• **Dataset excerpts**

• • • • • • •

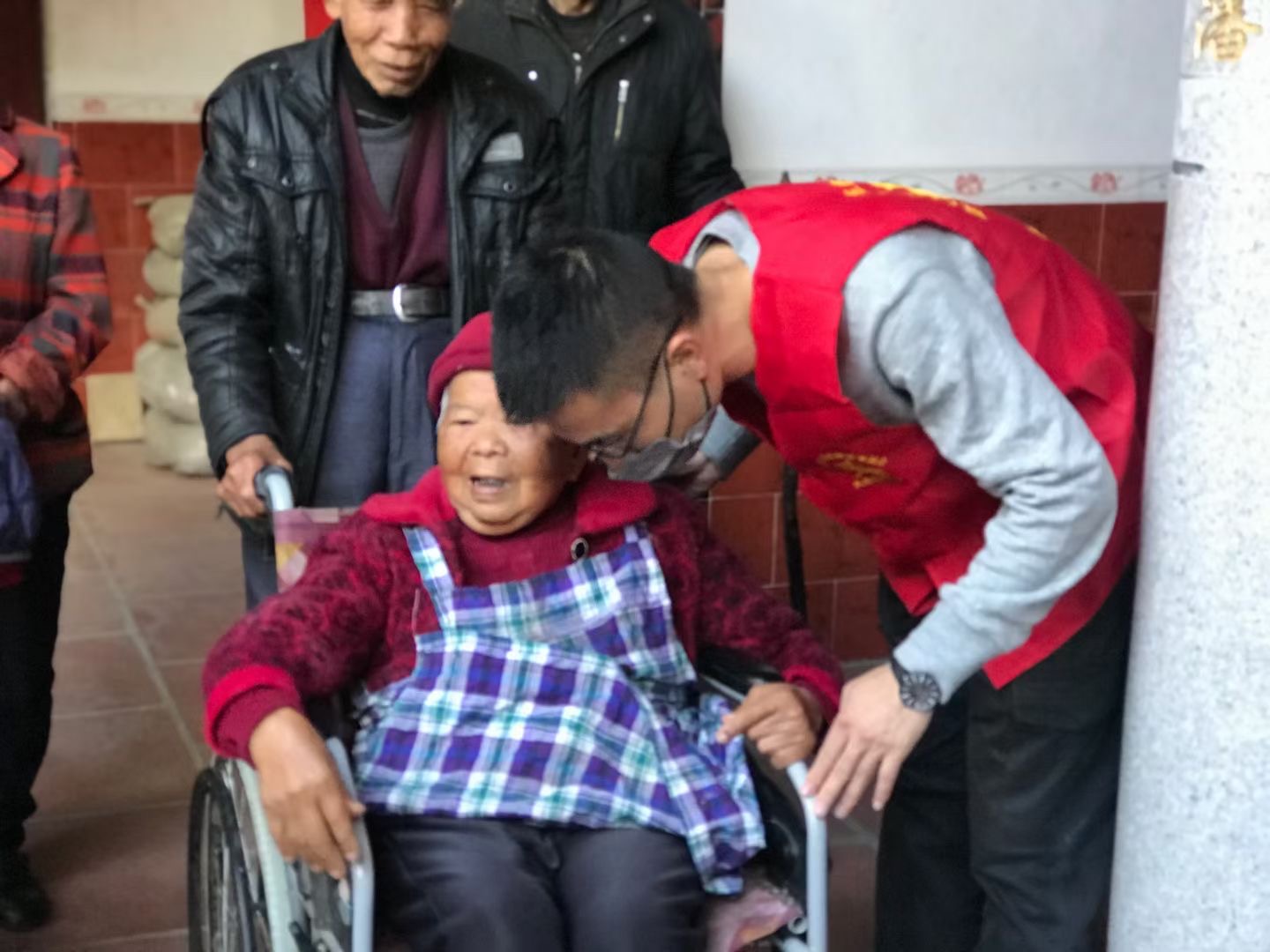 2天時間,6個高山村落,143位老人,200公里山路,鮮艷的鳳凰花“光明先鋒”志愿服務(wù)隊旗幟在高山上高高飄揚。
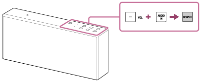 - Antalet gånger som UPDATE-knappen kommer att blinka ändras allt eftersom uppdateringen fortskrider. UPDATE-knappen blinkar först fyra gånger och minskar sedan med en blinkning och slocknar när uppdateringen är genomförd. Stäng inte av högtalaren under uppdateringen.
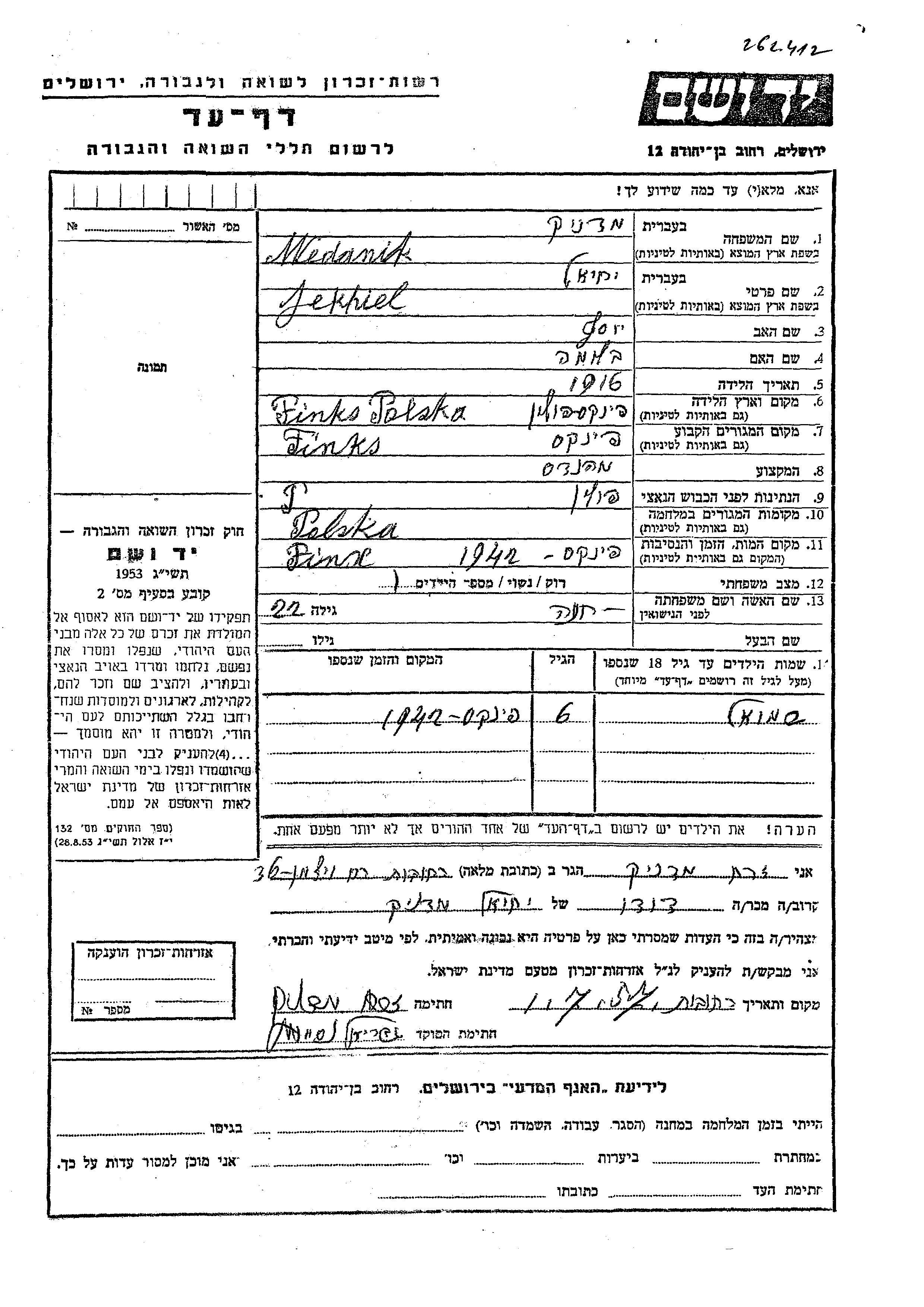Меданик Медник Шмуэль Пинск, Польша Лист свидетельских показаний
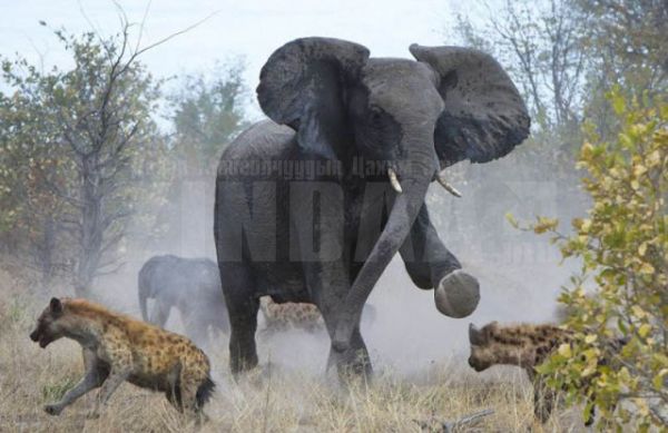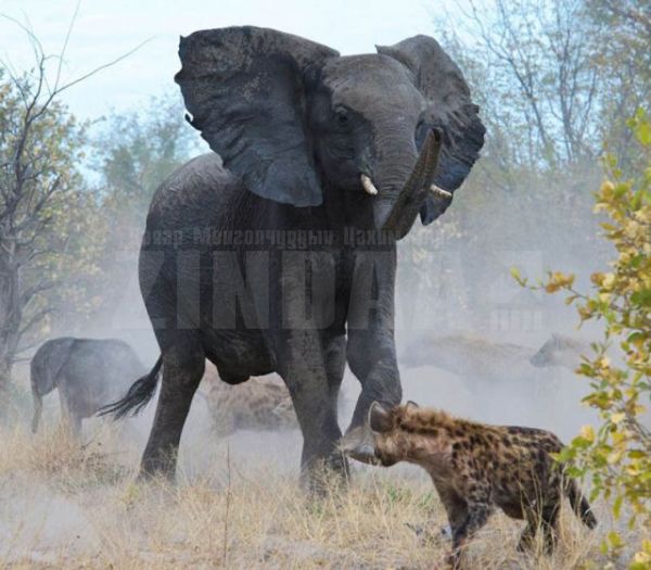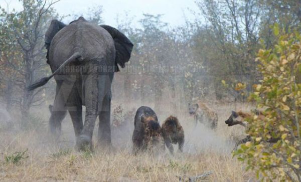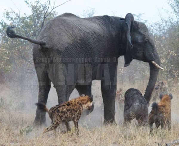 Зааны тугалыг бэлчиж байхад нь цөөвөр чононууд "шоглох"-ыг завджээ. Үүнийг харсан эх заан цөөвөр чонон сүрэгтнй тулалдсан байна. Харин хэн нь ялсныг зургаас үзээрэй.
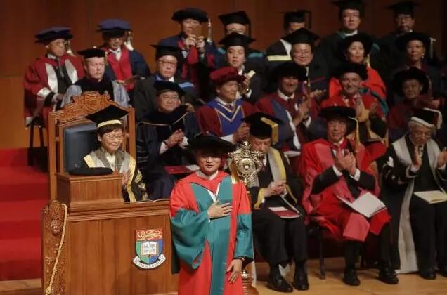 18日,在港大李兆基会议中心大会堂举行的第199届学位颁授典礼上,阿里巴巴集团主席马云身穿红绿礼袍,从香港特首、港大校监林郑月娥手中接过黑色天鹅绒圆边礼帽——这已是马云获得的第5个博士学位。
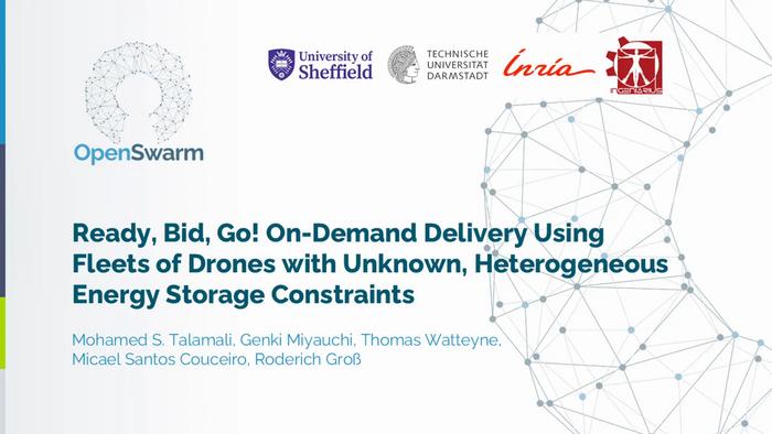 The study ‘Ready, Bid, Go! On-Demand Delivery Using Fleets of Drones with Unknown, Heterogeneous Energy Storage Constraints’ will be presented on 21 May at the 24th International Conference on Autonomous Agents and Multiagent Systems in Detroit, USA, and was selected as a finalist for the Best Paper Award from more than 1,000 submissions. It received funding from the Horizon Europe project OpenSwarm.
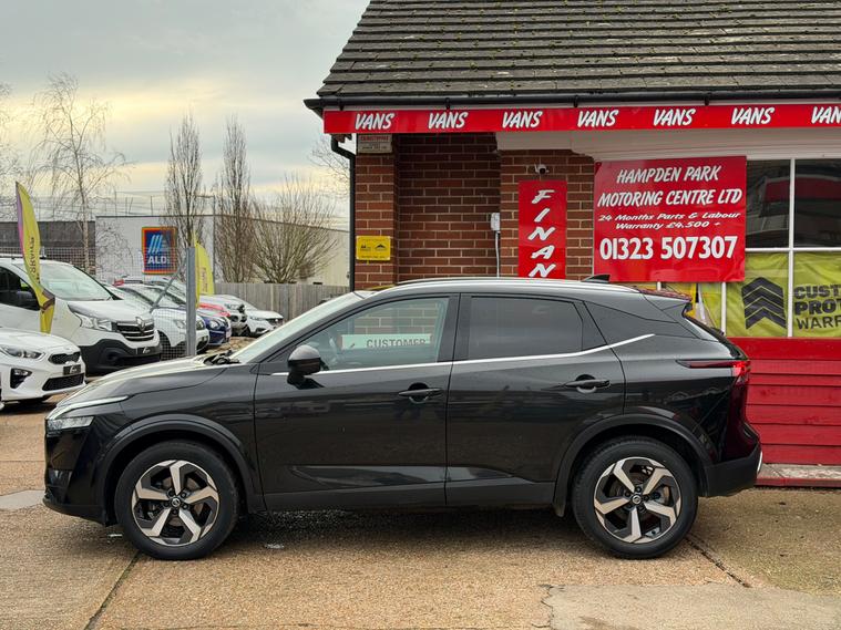 **24 MONTHS PARTS & LABOUR PEACE OF MIND NATIONAL WARRANTY INCLUDED IN THE PRICE**Hampden Park Motoring Centre is pleased to be offering this ULEZ compliant 2021 Nissan Qashqai1.3 DIG-T MHEV N-Connecta SUVfor sale, with ONLY ONE OWNER FROM NEW and 27, 100 miles. This car comes with COMPREHENSIVE HISTORY. The car will leave with an interim service, a new MOT and a PDI. Finished in Pearl black metallicwith dark grey cloth trim.Hop into the Qashqai's driving seat and it'll feel quite a bit like the old model, in the best possible way. You sit nice and high off the road with plenty of adjustment in the seat to suit your preferred position. It also carries over a very similar steering wheel, which we think is one of the best you can find in a modern SUV. Handily, the in-built maps software just runs on Google Maps - something a lot of us use on a daily basis. If you thought that was cool, why not give 'Hey Google' a go where you can ask it to change the cabin temperature and other hands-free tasks. As you look down the centre console, you'll notice actual physical switches and buttons - a rarity in today's car design, but something we applaud Nissan for keeping. Unlike some of its rivals, it doesn't pretend to be a sports car either and instead really leans into what a family car should be: comfortable. Light steering controls and a lovely ride is exactly what you'd hope for. It's not the plushest SUV on the market but for the price, it's hard to beat. **WHY BUYFROM US****Established In 1980****24 Month Warranty OnAll Cars Over £4500, &Those Not Covered By A Manufactures Warranty****All Our Cars AreHpi ClearSo You Can Buy WithConfidence****Competitive FinanceRates Subject To Status****Multi Branches****Open 7 Days a Week Inc Bank Holidays****Monday - Friday - 8.30amto 6pm****Saturday - 9.00am to 5pm****Sunday - 10am to 4pm****Bank holidays 10am to 4pm**For more pictures and a walk around videopleasego to https:/ dealer's website call to arrange viewing and a test drive on 01323300238.Here at Hampden Park Motoring Centre, we have up to 50 carson show, also at our Hailsham branch we have up to 50 further cars available for viewing, please call 01323300238 for more info.For more information on our Qashqai please see the benefits below as stated,
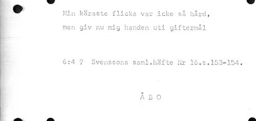 //// ^^ Min käraste flicka var icke så hård, //// men giv nu mig handen uti giftermål //// 0 //// t //// 6:4 ? Svenssons saml.häfte Nr 16-s,153-154, f ÅBO //// r " * //// åk fe m ////
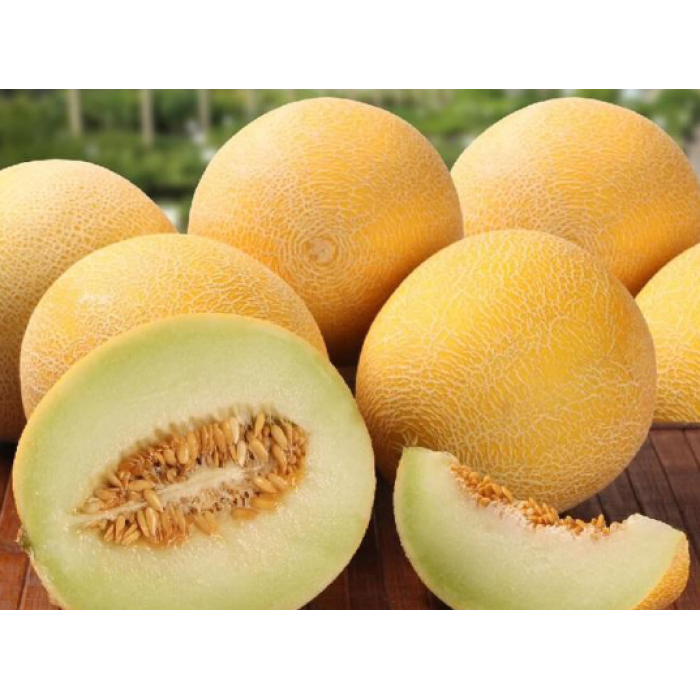 Фантастически ароматная и сладкая дыня с тропическим вкусом, наполненным нотками ананаса и масла, и свежим, похожим на банан ароматом. Шкура желтая с густой аккуратной сеткой. Плотная хрустящая мякоть белого цвета, возле кожуры – с зеленым оттенком. Сорт создан скрещиванием двух прекрасных дынь – израильского Haogen и замечательной Galia F1 с отборами на раннеспелость. В результате получилась дыня со сладостью и высокими вкусовыми качествами Хаогена и долговечностью, благодаря сетчатой крепкой коже Галлии, с ранними сроками созревания (65-75 дней от всходов). Сорт производит высокие урожаи экстра-сладких плодов весом 4-6 фунтов (2-3 кг) слегка удлиненной формы.
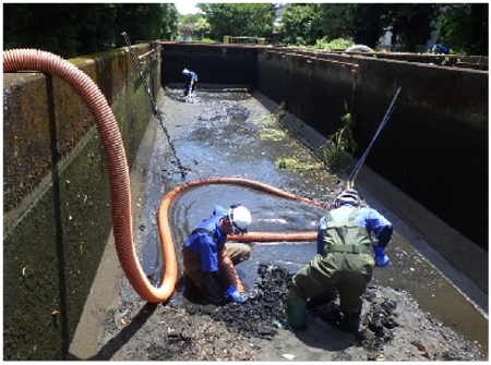 各種ピット等においては清掃が不十分であると有毒ガスの発生や放流水の水質低下に繋がり、下流域に悪影響を及ぼしかねないことから、計画的な清掃が必要となります。清掃に伴い回収した処理物は関係法令を遵守し適正に処分します。
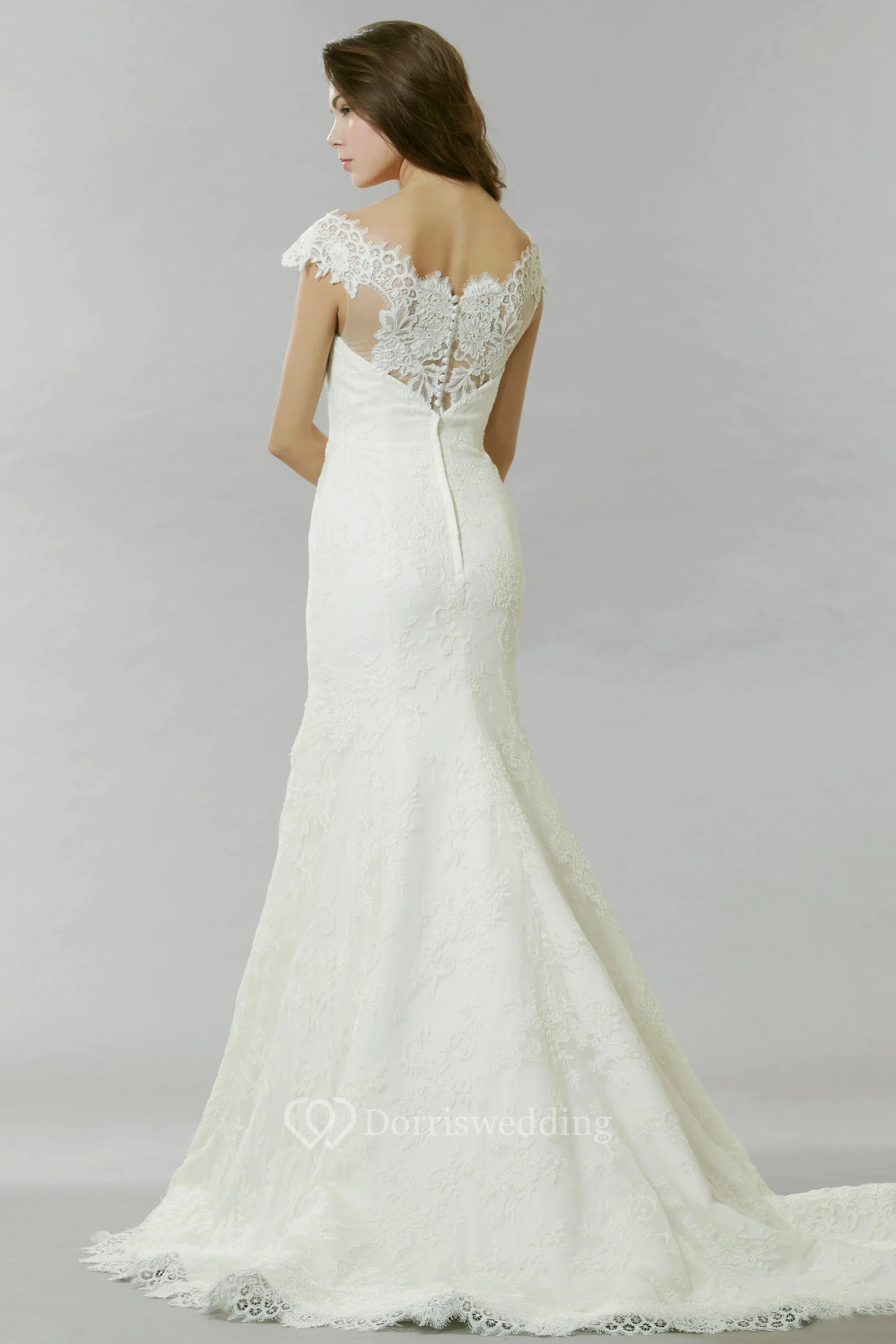 Cap Sleeve Bateau Neck Appliqued Lace Wedding Dress With Court Train
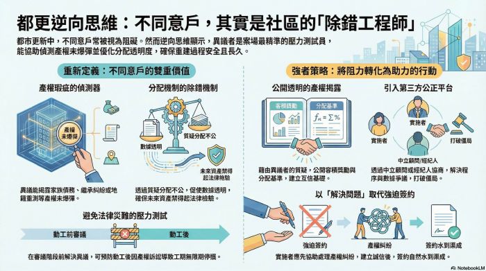 在當前的都市更新浪潮中,實施者(建商)往往追求「整合速度」,而部分急於改善居住品質的地主則傾向「盡速簽約」。在這種集體焦慮下,尚未表態或反對的地主常被貼上「釘子戶」的負面標籤。然而,若運用《強者謀略》中的逆向思維,我們會發現:不同意戶並非重建的阻礙,而是案場中最精準的「壓力測試員」,甚至是解救社區免於未來法律與財務災難的關鍵。

• • • • • • •

• **WHAT TO DO**
Reproduce the records above word for word, without the images.

• **RESPONSE TO THIS EXERCISE**
 2天時間,6個高山村落,143位老人,200公里山路,鮮艷的鳳凰花“光明先鋒”志愿服務(wù)隊旗幟在高山上高高飄揚。
 - Antalet gånger som UPDATE-knappen kommer att blinka ändras allt eftersom uppdateringen fortskrider. UPDATE-knappen blinkar först fyra gånger och minskar sedan med en blinkning och slocknar när uppdateringen är genomförd. Stäng inte av högtalaren under uppdateringen.
Меданик Медник Шмуэль Пинск, Польша Лист свидетельских показаний
 Зааны тугалыг бэлчиж байхад нь цөөвөр чононууд "шоглох"-ыг завджээ. Үүнийг харсан эх заан цөөвөр чонон сүрэгтнй тулалдсан байна. Харин хэн нь ялсныг зургаас үзээрэй.
 18日,在港大李兆基会议中心大会堂举行的第199届学位颁授典礼上,阿里巴巴集团主席马云身穿红绿礼袍,从香港特首、港大校监林郑月娥手中接过黑色天鹅绒圆边礼帽——这已是马云获得的第5个博士学位。
 The study ‘Ready, Bid, Go! On-Demand Delivery Using Fleets of Drones with Unknown, Heterogeneous Energy Storage Constraints’ will be presented on 21 May at the 24th International Conference on Autonomous Agents and Multiagent Systems in Detroit, USA, and was selected as a finalist for the Best Paper Award from more than 1,000 submissions. It received funding from the Horizon Europe project OpenSwarm.
 **24 MONTHS PARTS & LABOUR PEACE OF MIND NATIONAL WARRANTY INCLUDED IN THE PRICE**Hampden Park Motoring Centre is pleased to be offering this ULEZ compliant 2021 Nissan Qashqai1.3 DIG-T MHEV N-Connecta SUVfor sale, with ONLY ONE OWNER FROM NEW and 27, 100 miles. This car comes with COMPREHENSIVE HISTORY. The car will leave with an interim service, a new MOT and a PDI. Finished in Pearl black metallicwith dark grey cloth trim.Hop into the Qashqai's driving seat and it'll feel quite a bit like the old model, in the best possible way. You sit nice and high off the road with plenty of adjustment in the seat to suit your preferred position. It also carries over a very similar steering wheel, which we think is one of the best you can find in a modern SUV. Handily, the in-built maps software just runs on Google Maps - something a lot of us use on a daily basis. If you thought that was cool, why not give 'Hey Google' a go where you can ask it to change the cabin temperature and other hands-free tasks. As you look down the centre console, you'll notice actual physical switches and buttons - a rarity in today's car design, but something we applaud Nissan for keeping. Unlike some of its rivals, it doesn't pretend to be a sports car either and instead really leans into what a family car should be: comfortable. Light steering controls and a lovely ride is exactly what you'd hope for. It's not the plushest SUV on the market but for the price, it's hard to beat. **WHY BUYFROM US****Established In 1980****24 Month Warranty OnAll Cars Over £4500, &Those Not Covered By A Manufactures Warranty****All Our Cars AreHpi ClearSo You Can Buy WithConfidence****Competitive FinanceRates Subject To Status****Multi Branches****Open 7 Days a Week Inc Bank Holidays****Monday - Friday - 8.30amto 6pm****Saturday - 9.00am to 5pm****Sunday - 10am to 4pm****Bank holidays 10am to 4pm**For more pictures and a walk around videopleasego to https:/ dealer's website call to arrange viewing and a test drive on 01323300238.Here at Hampden Park Motoring Centre, we have up to 50 carson show, also at our Hailsham branch we have up to 50 further cars available for viewing, please call 01323300238 for more info.For more information on our Qashqai please see the benefits below as stated,
 //// ^^ Min käraste flicka var icke så hård, //// men giv nu mig handen uti giftermål //// 0 //// t //// 6:4 ? Svenssons saml.häfte Nr 16-s,153-154, f ÅBO //// r " * //// åk fe m ////
 Фантастически ароматная и сладкая дыня с тропическим вкусом, наполненным нотками ананаса и масла, и свежим, похожим на банан ароматом. Шкура желтая с густой аккуратной сеткой. Плотная хрустящая мякоть белого цвета, возле кожуры – с зеленым оттенком. Сорт создан скрещиванием двух прекрасных дынь – израильского Haogen и замечательной Galia F1 с отборами на раннеспелость. В результате получилась дыня со сладостью и высокими вкусовыми качествами Хаогена и долговечностью, благодаря сетчатой крепкой коже Галлии, с ранними сроками созревания (65-75 дней от всходов). Сорт производит высокие урожаи экстра-сладких плодов весом 4-6 фунтов (2-3 кг) слегка удлиненной формы.
 各種ピット等においては清掃が不十分であると有毒ガスの発生や放流水の水質低下に繋がり、下流域に悪影響を及ぼしかねないことから、計画的な清掃が必要となります。清掃に伴い回収した処理物は関係法令を遵守し適正に処分します。
 Cap Sleeve Bateau Neck Appliqued Lace Wedding Dress With Court Train
 在當前的都市更新浪潮中,實施者(建商)往往追求「整合速度」,而部分急於改善居住品質的地主則傾向「盡速簽約」。在這種集體焦慮下,尚未表態或反對的地主常被貼上「釘子戶」的負面標籤。然而,若運用《強者謀略》中的逆向思維,我們會發現:不同意戶並非重建的阻礙,而是案場中最精準的「壓力測試員」,甚至是解救社區免於未來法律與財務災難的關鍵。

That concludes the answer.